Elasticsearch: search and index time analyzer

rahulnama · January 21, 2019, 10:26am

Hi Team

I'm using Custom Analyzer. But, I want to use the analyzer at index time and search time as well. I've mentioned in mappings but I dont see that search time analyzer is working?

Below are settings. I'm using Analyzer for content field. (please refer to content field in mappings)

   "settings": {
    "number_of_shards" : 1,
    "analysis": {
      "analyzer": {
        "my_analyzer": {
          "type": "custom",
          "tokenizer": "standard",
          "filter": [
            "possessive_stemmer",
            "lowercase",
            "english_stop",
            "eng_keywords",
            "stemmer"
          ]
        }
      },
      "filter": {
        "english_stop": {
          "type": "stop",
          "stopwords": ["have","should","i","a", "an", "and", "are", "as", "at", "be", "but", "by", "for", "if", "in", "into", "is", "it", "no", "not", "of", "on", "or", "such", "that", "the", "their", "then", "there", "these", "they", "this", "to", "was", "will", "with","my"]
        },
        "stemmer": {
          "type": "stemmer",
          "language": "light_english"
        },
        "possessive_stemmer": {
          "type": "stemmer",
          "language": "possessive_english"
        },
        "eng_keywords": {
          "type": "keyword_marker",
          "keywords": [
            "windows"
          ]
        }
      }
    }
  },
  "mappings": {
    "_doc": {
        "properties": {
          "Author": {
            "type": "text",
            "fields": {
              "keyword": {
                "type": "keyword",
                "ignore_above": 256
              }
            }
          },
          "CreationDate": {
            "type": "text",
            "fields": {
              "keyword": {
                "type": "keyword",
                "ignore_above": 256
              }
            }
          },
          "Creator": {
            "type": "text",
            "fields": {
              "keyword": {
                "type": "keyword",
                "ignore_above": 256
              }
            }
          },
          "Keywords": {
            "type": "text",
            "fields": {
              "keyword": {
                "type": "keyword",
                "ignore_above": 256
              }
            }
          },
          "ModDate": {
            "type": "text",
            "fields": {
              "keyword": {
                "type": "keyword",
                "ignore_above": 256
              }
            }
          },
          "Producer": {
            "type": "text",
            "fields": {
              "keyword": {
                "type": "keyword",
                "ignore_above": 256
              }
            }
          },
          "Subject": {
            "type": "text",
            "fields": {
              "keyword": {
                "type": "keyword",
                "ignore_above": 256
              }
            }
          },
          "Title": {
            "type": "text",
            "fields": {
              "keyword": {
                "type": "keyword",
                "ignore_above": 256
              }
            }
          },
          "content": {
            "type": "text",
            "analyzer": "my_analyzer",
            "search_analyzer": "my_analyzer",
            "fields": {
              "keyword": {
                "type": "keyword",
                "ignore_above": 256
              }
            }
          },
          "file_category": {
            "type": "text",
            "fields": {
              "keyword": {
                "type": "keyword",
                "ignore_above": 256
              }
            }
          },
          "file_name": {
            "type": "text",
            "fields": {
              "keyword": {
                "type": "keyword",
                "ignore_above": 256
              }
            }
          },
          "url": {
            "type": "text",
            "fields": {
              "keyword": {
                "type": "keyword",
                "ignore_above": 256
              }
            }
          }
        }
      }
  }

When I search for a query.

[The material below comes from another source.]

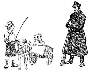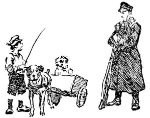 Old Luppe was, as you see, a very wise and experienced dog. He knew all the roads like a book and most of the streets of Brussels. He knew how to bring his cart safely across crowded thoroughfares without guidance, and to stop without instructions before the houses of Mère Marie’s customers in the city. Also he knew how to pull his load with the least possible expenditure of strength and wind, and to lie down and rest in his harness whenever he stopped for a minute.

Example: my monitor is not running.

According to explain api, ES is searching for running instead of run(as I'm using stemmer).

Please let me know what I'm missing here ?

Thanks

abdon · January 22, 2019, 1:21pm

What query are you using? Maybe you can share the exact query here?

If you're using a term query, then no analysis will be applied to your search terms, even if you have specified a search_analyzer (this is the behavior of the term query). In that case, you would need to switch to the match query instead.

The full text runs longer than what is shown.